Despite the abundance of simulations, experimental evidence supporting the criticality hypothesis had been relatively sparse. Recent experiments, however, have begun to provide support for this idea in the area of neural networks (Beggs & Plenz 2003, 2004; Petermann *et al*. 2006; Stewart & Plenz 2006).

The organization of the rest of this paper is as follows. First, we will review experiments with living neural networks that support the criticality hypothesis. Second, we will discuss models of these networks which capture relevant features of the data. Third, we will explore implications of these models on information processing in living neural networks. Fourth, we will conclude with a discussion of how future experiments could test these models.

## 2. Experiments

Here we will describe recordings from small cultures and slices of rat neocortex mounted on top of multielectrode arrays. To prepare a brain slice, a rat is first fully anaesthetized and then the intact brain is quickly dissected from the skull. After being placed in a cold, oxygenated solution that contains all the salts and sugars found in cerebrospinal fluid, the brain is sliced into thin sections, each approximately 300 μm thick.
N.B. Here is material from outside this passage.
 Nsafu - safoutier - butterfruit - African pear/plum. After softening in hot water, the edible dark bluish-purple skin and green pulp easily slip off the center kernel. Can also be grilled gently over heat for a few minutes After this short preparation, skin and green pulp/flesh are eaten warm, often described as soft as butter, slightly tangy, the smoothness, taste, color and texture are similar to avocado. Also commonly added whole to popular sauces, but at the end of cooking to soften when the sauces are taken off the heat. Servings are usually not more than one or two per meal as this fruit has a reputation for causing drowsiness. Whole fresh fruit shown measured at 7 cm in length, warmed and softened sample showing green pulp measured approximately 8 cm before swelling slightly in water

These sections allow oxygen and nutrients to diffuse into the tissue and waste products to diffuse away. In such a way, these slices may be kept alive for up to 12 hours even after the circulatory system is removed. For still longer recording sessions, slices may be bathed in culture medium, which contains hormones and blood serum, and thus kept alive for weeks at a time. Cultured slices afford the opportunity to make extremely long-term recordings of neural activity, thus enhancing statistical power during analysis. Such slices are called *in vitro* preparations, meaning ‘in a dish’. Both acute slices and slice cultures are vastly simplified versions of the larger intact brain and may be easier to understand. As with any reduced system, however, *in vitro* preparations have the potential drawback of not including some relevant features of the intact system.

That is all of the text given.